Sheng Keyi also showed readers a set of works painted last summer. On the painting was a girl wearing a costume. Sheng Keyi said that she loved opera very much. Through this painting, she explained her emotions – nostalgia, and she was in memory of her childhood. For example, once she went back to her hometown, she found it was completely changed and she missed the things passed away, so she wanted to reserve them in paintings. It was also the first time for Sheng Keyi to share an excerpt of the work which she had been dealing with to readers. It was a diary of a nurse in a mental hospital.
The moderator also asked Sheng Keyi about her explanations on “some writers are like soldiers while some are like doctors”. For the former metaphor, Sheng used the former president of Czech Vaclav Havel as an example. Havel was a writer who constantly struggled with his writings. He was always in prison before his death, but he still expressed his opinions through writings, which exerted a great influence on Chinese liberal intellectuals and to the literary world. The Polish poet Herbert Zbigniew, who participated in the general social movement, was another example. He used to said, “I can suffer any difficulty and fight for a better moral order.” Others, like Solzhenitsyn, known as the “conscience of Russia” and Lu Xun from China were also typical examples whose warnings still inspire the deaf to this day.

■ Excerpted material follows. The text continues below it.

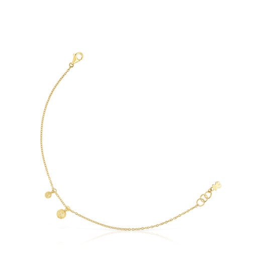 צמיד מסדרת Sylvan של TOUS, עשוי זהב 18 קראט עם שני מוטיבים נתלים בצורת כדור. קוטר הכדורים: 4 מ"מ ו-5 מ"מ. אורך הצמיד: 17.5 ס''מ. סוגר לובסטר.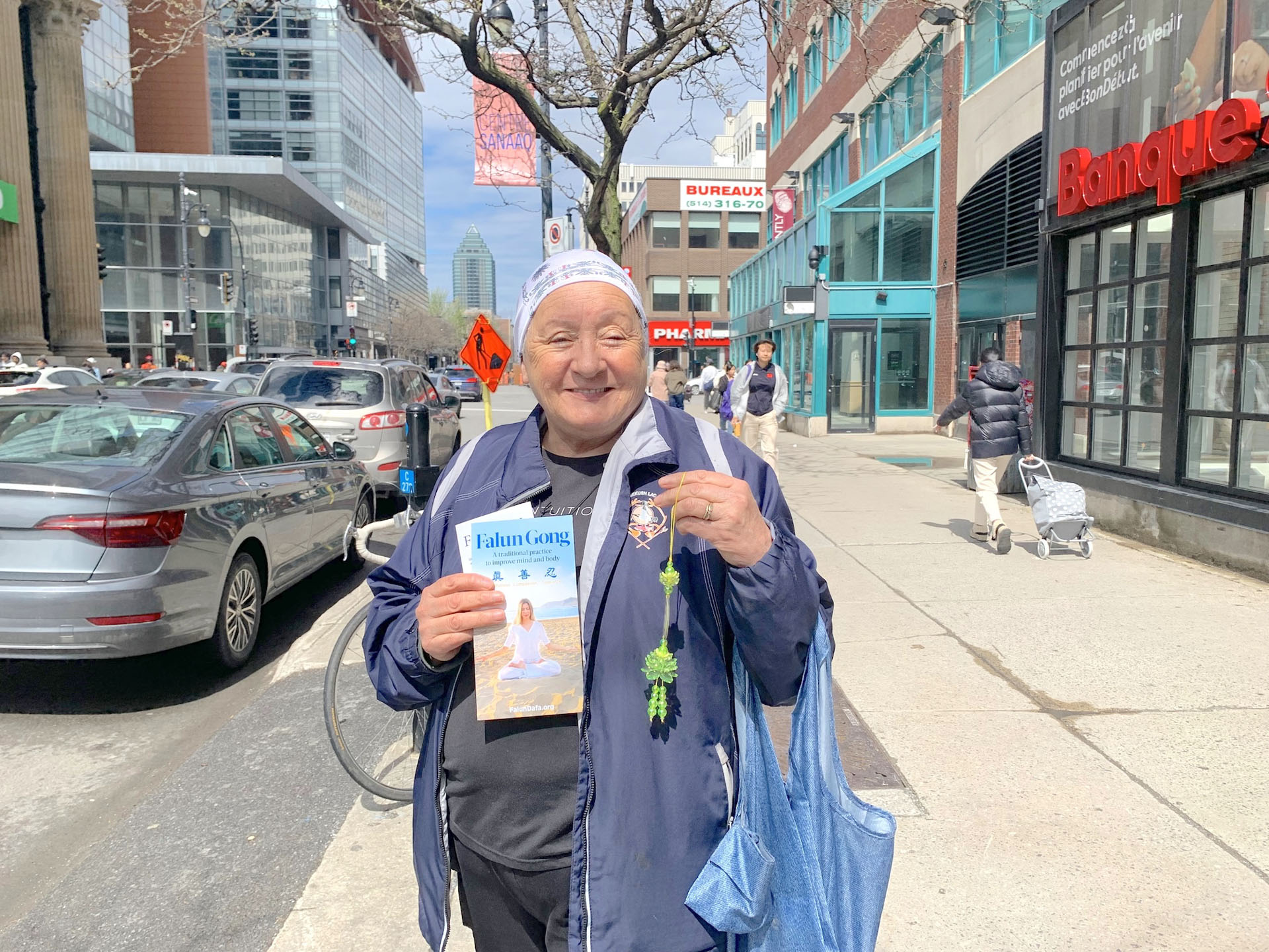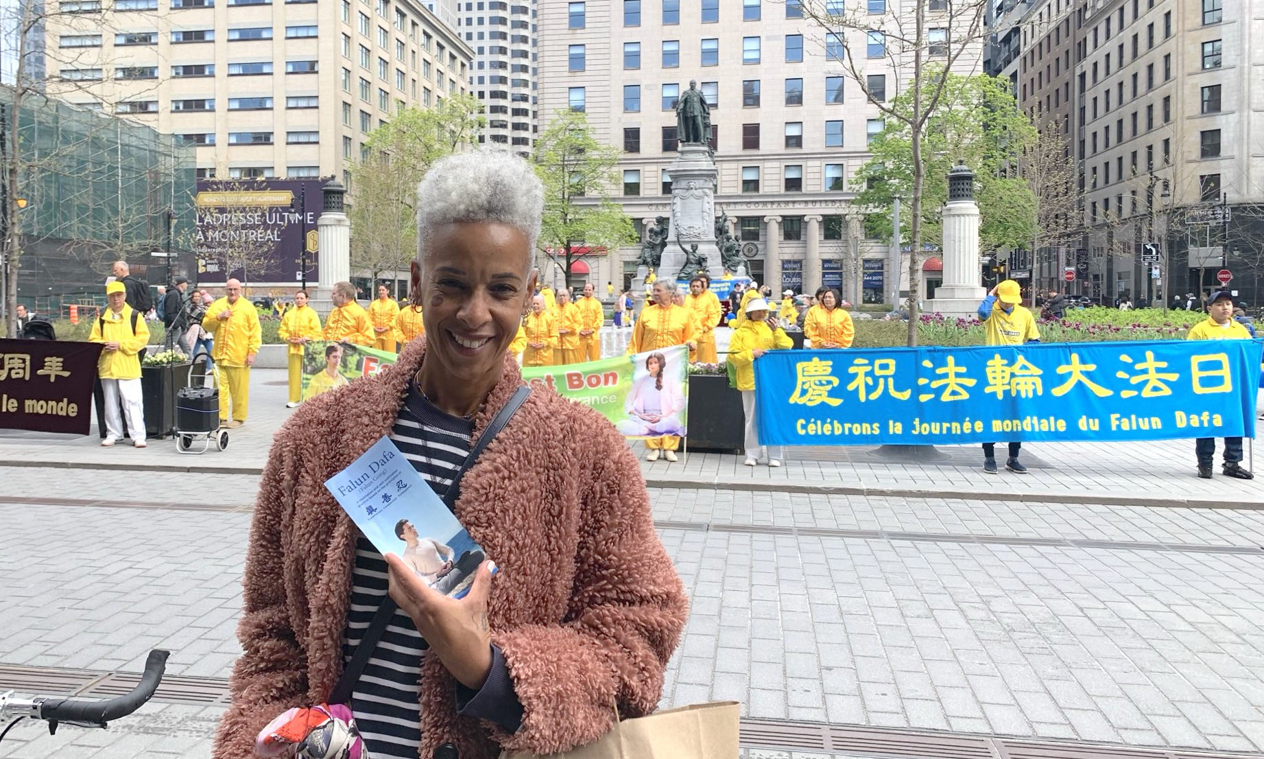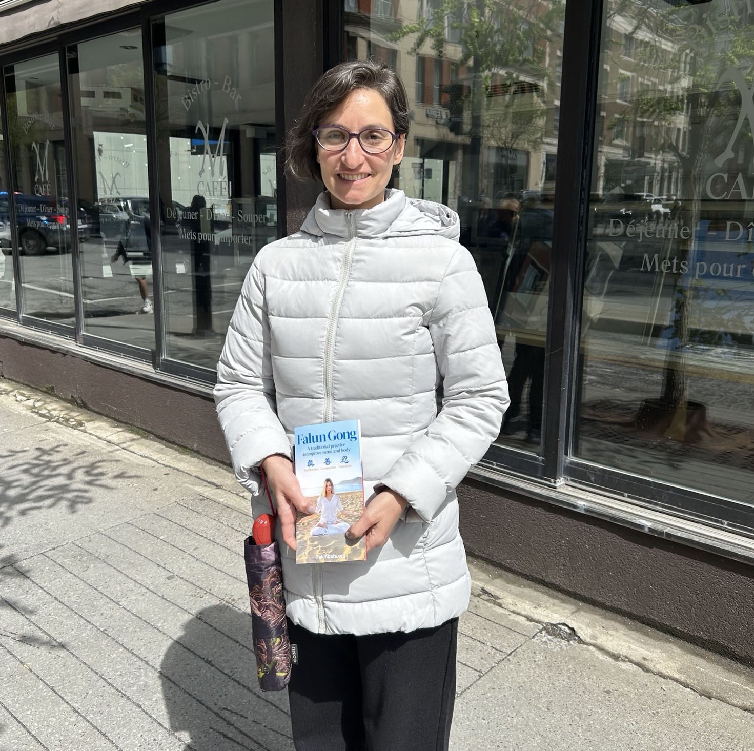 瑜伽教练史蒂芬妮(Stephanie)被广场上法轮功学员集体炼功的场景所吸引,她说:“我感受到这个功法的健康、幸福与平和,这正是当今世界所需要的。能在蒙特利尔市中心看到这些真是太美好了,这让我感到快乐,内心平静。我回去后会上网查询更多信息。”

“But more writers are like doctors, dissecting life, cleaning its wounds and looking for the ills of the society.” Sheng Keyi said, “languages cannot be the tool of resistance, but languages can keep the words pure.” What she can do is to maintain the purity of words and insist on the nature of the literature.
Teresa spoke of Kafka’s metaphor of the circus and the acrobat: an actor who seems to be in the spotlight, but he may not even know what he is doing. Teresa believes writers sometimes share the similar experience – we seem to write for the public but sometimes we will lose ourselves in writings.
Finally, Sheng Keyi mentioned, “a writer is contradictory. Sometimes, you must stay away from the outside world, but you also have to blend into the world.” But some writers are different. They only need a library.
A reader asked the two writers whether translations would restrict the spread of literatures. Sheng Keyi said, “in addition to trust, there is nothing left.” If we don’t trust the translator, but still looking forward to its publishing, it is absolutely a contradiction. But after she learned English, she felt that the more you know about a language, more difficult you would feel the translation is. So now she is more tolerant to the translations, except some obvious mistakes or some key information which cannot be changed. In her opinion, if the translation has an obvious mistake, clear and natural semantics will become stiff, which will be difficult for readers to understand, and that will make authors sad.
The China-Europe International Literary Festival has been held for 4 years. Every year, the Chinese writers, together with the writers from Europe, discussed a variety of topics on life and society. Once more, in the 5th China-Europe International Literary Festival, excellent Chinese writers and the writers from 27 European countries will continue the literary conversation between China and Europe.
At the end of the event, both of the writers showed their satisfaction to the conversation, and extended their greetings to each other. They also expressed their expectations for the world bac to normal as soon as possible after the pandemic, and they hoped writers could shoulder their own responsibilities.